The following code block imports some necessary libraries and defines the path to the data file.

In [1]:
import pathlib

import pandas as pd

# Specify maximum columns = 40
pd.set_option('display.max_columns', 40)

# Specify no max column width
pd.set_option('display.max_colwidth', None)

# Specify floating-point precision
pd.set_option('display.float_format', '{:.4f}'.format)

data_filepath = pathlib.Path('data', 'DE_FY2019_base.csv')

The following code block defines the `custom_grouper` function that we used in the notebook covering the concept of spend analysis.

In [2]:
def custom_grouper(df, agg_dict, groupby_columns):
    '''
    This function groups the provided DataFrame, df, by the columns
    specified in the groupby_columns argument.
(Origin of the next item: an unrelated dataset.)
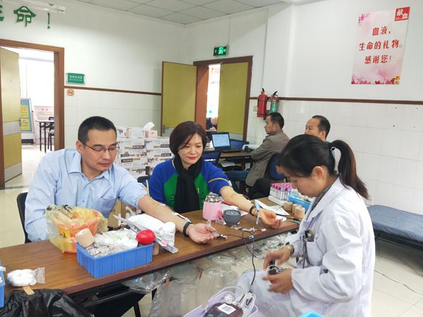 献血职工在工作人员的指导下,认真填写献血登记表、测量血压、抽血化验,经血液检验合格后向区献血中心无偿献血。据了解,公司此次前来献血的员工中,许多献血者已多次参加无偿献血活动,有的已是第四次、第五次献血,献血量早已超过1000CC。大家用实际行动,履行一个公民的光荣义务,表达着回馈社会、关爱社会的真挚情感和无私奉献精神。

The aggregations specified
    in the agg_dict dictionary are applied. Also, each numeric column in the 
    aggregated DataFrame is used to create a proportion column. The aggregated data
    is returned as a DataFrame sorted by the keys of the agg_dict
    dictionary, in the order they are specified, i.e., first key
    has a higher sort priority than the second, etc...
    '''
    
    grouped_df = df.groupby(groupby_columns).agg(agg_dict)
    
    grouped_df.columns = ['_'.join(col).strip() for col in grouped_df.columns.values]
    
    numeric_columns = grouped_df.select_dtypes(include='number').columns.tolist()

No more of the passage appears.